When CTCs reach the target organ, a mesenchymal-to-epithelial transition occurs, resulting in the growth of metastases [116]. As MET takes place, cancer cells start to again express E-cadherin and N-cadherin. The latter involves the metastatic signaling pathway, together with fibroblast growth factor receptor and MMP-9. Furthermore, BC cells mediate HIF-1-regulated genes to survive and form macrometastases [116].

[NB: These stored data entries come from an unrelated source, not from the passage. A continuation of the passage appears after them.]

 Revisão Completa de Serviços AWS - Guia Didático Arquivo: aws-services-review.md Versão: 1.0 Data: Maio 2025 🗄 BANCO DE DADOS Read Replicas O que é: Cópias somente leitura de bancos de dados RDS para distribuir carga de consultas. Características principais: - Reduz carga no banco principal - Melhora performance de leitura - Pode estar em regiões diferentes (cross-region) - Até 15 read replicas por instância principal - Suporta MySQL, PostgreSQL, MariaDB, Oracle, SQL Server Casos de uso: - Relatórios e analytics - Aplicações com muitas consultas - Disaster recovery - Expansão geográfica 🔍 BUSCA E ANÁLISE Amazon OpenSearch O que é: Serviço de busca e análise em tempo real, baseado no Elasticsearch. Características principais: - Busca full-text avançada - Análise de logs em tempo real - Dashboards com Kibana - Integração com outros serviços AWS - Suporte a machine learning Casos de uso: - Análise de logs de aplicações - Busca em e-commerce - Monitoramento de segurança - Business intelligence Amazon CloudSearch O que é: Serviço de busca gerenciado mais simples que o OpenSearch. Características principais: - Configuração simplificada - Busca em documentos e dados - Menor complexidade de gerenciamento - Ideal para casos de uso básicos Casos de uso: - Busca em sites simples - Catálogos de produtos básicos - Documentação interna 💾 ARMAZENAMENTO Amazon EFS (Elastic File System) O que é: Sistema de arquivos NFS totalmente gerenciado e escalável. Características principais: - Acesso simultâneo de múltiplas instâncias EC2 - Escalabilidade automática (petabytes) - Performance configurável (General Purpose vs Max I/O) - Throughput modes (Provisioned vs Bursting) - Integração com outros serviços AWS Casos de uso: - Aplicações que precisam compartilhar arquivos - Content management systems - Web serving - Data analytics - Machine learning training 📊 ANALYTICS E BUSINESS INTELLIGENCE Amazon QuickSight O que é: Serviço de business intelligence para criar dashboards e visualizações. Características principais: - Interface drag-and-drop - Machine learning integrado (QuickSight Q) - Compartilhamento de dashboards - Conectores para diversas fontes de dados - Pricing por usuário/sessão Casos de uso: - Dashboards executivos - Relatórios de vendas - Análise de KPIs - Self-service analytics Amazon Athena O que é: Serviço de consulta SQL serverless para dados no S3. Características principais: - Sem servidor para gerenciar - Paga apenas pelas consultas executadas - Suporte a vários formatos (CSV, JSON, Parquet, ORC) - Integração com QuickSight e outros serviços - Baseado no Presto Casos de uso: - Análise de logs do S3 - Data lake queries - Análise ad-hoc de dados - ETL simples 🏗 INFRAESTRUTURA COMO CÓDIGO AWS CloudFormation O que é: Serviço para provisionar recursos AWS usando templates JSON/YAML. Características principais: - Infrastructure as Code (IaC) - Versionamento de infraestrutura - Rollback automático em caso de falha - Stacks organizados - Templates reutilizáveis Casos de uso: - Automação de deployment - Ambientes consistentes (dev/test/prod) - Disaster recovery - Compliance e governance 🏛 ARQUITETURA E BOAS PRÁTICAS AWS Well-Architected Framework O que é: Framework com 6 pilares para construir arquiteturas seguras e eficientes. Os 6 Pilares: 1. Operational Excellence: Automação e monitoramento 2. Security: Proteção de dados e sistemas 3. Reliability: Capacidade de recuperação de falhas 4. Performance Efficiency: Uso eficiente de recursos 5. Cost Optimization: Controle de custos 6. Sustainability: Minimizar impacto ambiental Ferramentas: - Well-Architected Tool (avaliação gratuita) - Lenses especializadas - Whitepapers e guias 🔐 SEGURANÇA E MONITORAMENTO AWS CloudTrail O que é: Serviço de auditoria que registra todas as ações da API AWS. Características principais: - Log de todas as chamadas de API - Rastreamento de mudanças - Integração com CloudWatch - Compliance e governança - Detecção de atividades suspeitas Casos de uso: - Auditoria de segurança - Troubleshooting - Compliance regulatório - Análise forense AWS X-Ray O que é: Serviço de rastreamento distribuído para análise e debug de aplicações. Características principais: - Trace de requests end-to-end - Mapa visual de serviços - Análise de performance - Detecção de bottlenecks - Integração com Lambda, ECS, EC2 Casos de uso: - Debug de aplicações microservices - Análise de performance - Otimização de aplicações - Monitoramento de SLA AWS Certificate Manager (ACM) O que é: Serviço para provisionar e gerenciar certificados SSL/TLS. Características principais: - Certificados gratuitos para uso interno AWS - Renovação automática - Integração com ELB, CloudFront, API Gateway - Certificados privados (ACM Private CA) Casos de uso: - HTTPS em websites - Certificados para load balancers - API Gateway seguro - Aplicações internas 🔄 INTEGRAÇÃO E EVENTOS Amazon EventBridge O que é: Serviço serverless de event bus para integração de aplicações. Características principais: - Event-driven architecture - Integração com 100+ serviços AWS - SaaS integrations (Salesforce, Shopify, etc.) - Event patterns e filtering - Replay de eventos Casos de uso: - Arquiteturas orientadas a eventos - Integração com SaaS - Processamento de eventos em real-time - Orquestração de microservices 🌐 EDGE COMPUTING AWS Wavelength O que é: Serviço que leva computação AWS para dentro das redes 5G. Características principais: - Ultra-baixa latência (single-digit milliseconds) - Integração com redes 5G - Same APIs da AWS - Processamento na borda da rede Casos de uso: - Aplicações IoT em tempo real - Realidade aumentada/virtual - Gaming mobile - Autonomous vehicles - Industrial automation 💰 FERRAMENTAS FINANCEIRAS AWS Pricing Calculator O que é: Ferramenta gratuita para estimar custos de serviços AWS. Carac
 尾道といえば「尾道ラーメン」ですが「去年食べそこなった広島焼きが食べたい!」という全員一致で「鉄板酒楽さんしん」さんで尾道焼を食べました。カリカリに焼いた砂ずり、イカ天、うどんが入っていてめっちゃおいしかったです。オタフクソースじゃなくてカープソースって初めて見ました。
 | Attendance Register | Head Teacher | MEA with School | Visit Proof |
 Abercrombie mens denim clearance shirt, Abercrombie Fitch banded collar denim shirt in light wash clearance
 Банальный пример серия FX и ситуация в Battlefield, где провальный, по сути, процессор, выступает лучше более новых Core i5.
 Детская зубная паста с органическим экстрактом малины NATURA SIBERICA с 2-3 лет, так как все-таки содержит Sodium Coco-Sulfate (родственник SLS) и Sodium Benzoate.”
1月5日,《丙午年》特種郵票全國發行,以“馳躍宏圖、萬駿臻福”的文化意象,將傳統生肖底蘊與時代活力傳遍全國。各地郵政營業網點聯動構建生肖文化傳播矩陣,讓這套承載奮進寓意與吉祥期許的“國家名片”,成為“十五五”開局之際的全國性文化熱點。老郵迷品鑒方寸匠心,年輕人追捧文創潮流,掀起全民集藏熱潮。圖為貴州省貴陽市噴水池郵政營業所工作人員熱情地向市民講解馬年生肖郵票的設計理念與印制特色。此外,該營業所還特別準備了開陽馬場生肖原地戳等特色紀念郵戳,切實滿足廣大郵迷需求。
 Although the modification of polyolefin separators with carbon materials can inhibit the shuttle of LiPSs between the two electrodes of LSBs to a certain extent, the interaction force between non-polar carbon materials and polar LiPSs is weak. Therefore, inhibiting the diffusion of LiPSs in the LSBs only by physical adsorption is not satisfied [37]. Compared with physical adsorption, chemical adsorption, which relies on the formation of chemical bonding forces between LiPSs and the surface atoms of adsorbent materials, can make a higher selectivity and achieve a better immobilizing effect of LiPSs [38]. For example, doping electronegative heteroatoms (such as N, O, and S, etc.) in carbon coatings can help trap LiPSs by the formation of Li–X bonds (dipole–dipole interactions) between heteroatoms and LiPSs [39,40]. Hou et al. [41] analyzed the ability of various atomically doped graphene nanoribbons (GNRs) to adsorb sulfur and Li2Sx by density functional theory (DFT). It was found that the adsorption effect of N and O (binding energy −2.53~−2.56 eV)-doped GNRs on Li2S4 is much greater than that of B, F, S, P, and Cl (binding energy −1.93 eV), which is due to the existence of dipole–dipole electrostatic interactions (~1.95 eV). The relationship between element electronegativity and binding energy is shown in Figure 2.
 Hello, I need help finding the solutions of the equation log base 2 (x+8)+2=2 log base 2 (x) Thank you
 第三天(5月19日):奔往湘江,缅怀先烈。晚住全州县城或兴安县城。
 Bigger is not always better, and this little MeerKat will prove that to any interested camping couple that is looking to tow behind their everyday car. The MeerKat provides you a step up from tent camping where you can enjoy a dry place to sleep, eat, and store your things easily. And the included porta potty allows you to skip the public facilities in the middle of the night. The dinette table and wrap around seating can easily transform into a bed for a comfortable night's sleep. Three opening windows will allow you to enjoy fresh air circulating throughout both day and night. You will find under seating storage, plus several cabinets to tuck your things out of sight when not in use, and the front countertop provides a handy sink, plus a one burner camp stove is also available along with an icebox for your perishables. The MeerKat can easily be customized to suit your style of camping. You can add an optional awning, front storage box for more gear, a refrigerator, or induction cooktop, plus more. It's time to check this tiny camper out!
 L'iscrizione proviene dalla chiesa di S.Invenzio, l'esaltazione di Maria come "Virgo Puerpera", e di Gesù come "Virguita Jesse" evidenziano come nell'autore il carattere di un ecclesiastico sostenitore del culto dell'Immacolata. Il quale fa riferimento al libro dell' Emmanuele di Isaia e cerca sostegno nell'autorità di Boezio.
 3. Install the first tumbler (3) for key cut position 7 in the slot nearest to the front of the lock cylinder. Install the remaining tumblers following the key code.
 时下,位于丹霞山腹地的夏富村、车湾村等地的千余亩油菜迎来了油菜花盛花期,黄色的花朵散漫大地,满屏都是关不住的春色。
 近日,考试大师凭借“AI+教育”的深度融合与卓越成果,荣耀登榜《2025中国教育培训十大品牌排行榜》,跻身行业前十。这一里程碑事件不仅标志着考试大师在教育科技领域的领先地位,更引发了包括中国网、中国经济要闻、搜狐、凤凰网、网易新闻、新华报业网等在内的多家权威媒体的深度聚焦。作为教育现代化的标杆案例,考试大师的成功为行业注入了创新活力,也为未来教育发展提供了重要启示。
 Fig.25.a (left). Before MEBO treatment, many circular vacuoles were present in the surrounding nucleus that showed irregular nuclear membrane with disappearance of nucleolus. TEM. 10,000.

Initially, the early metastatic foci develop to a micrometastatic lesion. There are three different patterns of growth for metastases in the liver, specifically: replacement, desmoplastic, and pushing. The most frequent pattern is the replacement pattern, which is often recognized during the dormant or initial stage. In this pattern is hypoxia in the tumor; the TME is preserved, and the tumor is often incorporated into the sinusoidal vasculature, instead of forming its own blood vessels. The desmoplastic growth pattern is characterized by broad stromal remodeling at the tumor hepatocyte junctions [17], leading to the separation of normal hepatic tissue from invasive tumor cells. The pushing growth pattern is distinguished by the compression of hepatic cells by the metastatic tumor cells, without the formation of fibrin-rich stromal tissue [115].

7. Future Perspective

As BC is a heterogenous disease, the behavior of particular molecular subtypes may vary during metastasis formation. The expression of hormone receptors on cancer cells or HER2+ tumors may affect this process, thereby facilitating or inhibiting metastatic spread. Furthermore, the development of metastatic lesions varies depending on the target organs, all of which create a particular microenvironment that enables tumor growth and invasion (Figure 4). Since metastasis formation is a complex process subject to numerous cellular interactions, and its exact mechanism has not been fully elucidated so far. To form metastatic foci, cancer cells must stay in the vascular system by adhering to the endothelium. Indisputably, creation of new blood vasculature is condicio sine qua non in cancer dissemination. High potential to angiogenesis is associated with decreased survival in women with breast cancer [25,86]. Therefore, a proper, complex understanding of new vessels network creation offers hope for providing effective treatments for breast cancer, thus increasing patient survival. However, scientists and clinicians should take into account serious side effects of antiangiogenic-targeted therapy including hypertension, proteinuria, bowel perforation, impaired wound healing, hemorrhage, and arterial prothrombotic state [117] and also the host, who is an independent element in this intricated puzzle.

Figure 4

The authorial concept of metastasis formation in breast cancer. Circulating tumor cells (CTCs) released from the primary tumor form metastases in distant organs. This process is driven by angiogenesis, vasculogenesis, chemotaxis, and coagulation, which are mutually dependent and essential for metastatic spread. Abbreviations: VEGF-A, vascular endothelial growth factor A; TF, tissue factor; EPCs, endothelial progenitor cells; CXCR4, C-X-C motif chemokine receptor type 4; CXCL12, C-X-C motif chemokine ligand 12; CTCs, circulating tumor cells; BC, breast cancer; ECM, extracellular matrix; EMT, epithelial-to-mesenchymal transition.

8. Conclusions

Accurate recognition of the pathophysiological mechanisms of metastatic progression and their mutual relationships is crucial for understanding the explicit course of breast cancer systemic spread. Each of the described processes—angiogenesis, vasculogenesis, coagulation, and chemotaxis—is of crucial importance; furthermore, each propels the others, leading to the acceleration of metastasis formation. This should be taken into account by developing and establishing new therapies or modifications of already existing ones, which would subsequently improve BC patients’ overall survival.